The nature of art for the artist and the viewer is a very personal experience. The artist speaks into the void, perhaps with an audience in mind, perhaps not. Many artists will defend their right to self-expression with no thought for posterity or prosperity. But what is art unless there is, at some point, an audience to appreciate and share the experience, to complete the creative cycle that began with some thought, feeling, or desire to commit to paper or canvas the image of that experience?

For myself, art is activity, interaction with something felt or observed, filtered through emotion and sensibility and intellect, and expressed through the medium of painting. That I choose landscape as my dominant subject is simply because I respond to the abstractness of the light, colors, patterns, and shapes that are so continuously varied with the slightest shift in point of view or passage of time. I could choose to paint my dreams, which are always wonderfully complex, symbolic, and epic in scale, but I prefer to enjoy and learn from them and keep them to myself. Nature, however, holds mysteries as deep as any dream. Perhaps this is not so unusual since we ourselves are sentient nature, the observers and chroniclers of all we experience.

There is a rich tradition of the landscape in painting from cave paintings to contemporary renderings. Desire, urgency, utility, reverence, and other motivations have colored how the landscape has been viewed or interpreted through the centuries. Even abstract painters create views of landscapes hidden from all but themselves, their own unique vision fleshing out the emotional, symbolic, or intellectual images of their wanderings and explorations. Their art may be the signposts for those who choose to follow.

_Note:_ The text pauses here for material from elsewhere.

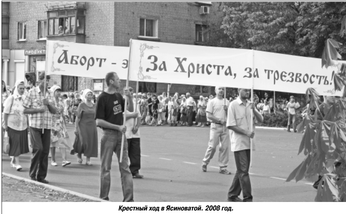
Крестный ход в Ясиноватой. 2008 год.

Донбасское православное общество «Трезвение»

As you experience my work, do so however you choose. I would invite you, though, to look beyond the tree, the zebra, and the mountain. They exist only as images connected to other images and cast as reflections of thoughts moving across the surface of the painting. Color, shape, light and dark, these are the real players, for they help us make sense of the vast array of sensations each of us experiences in any given moment. They also invite us to play along: to experience the trees or the poetry. We can choose either or both.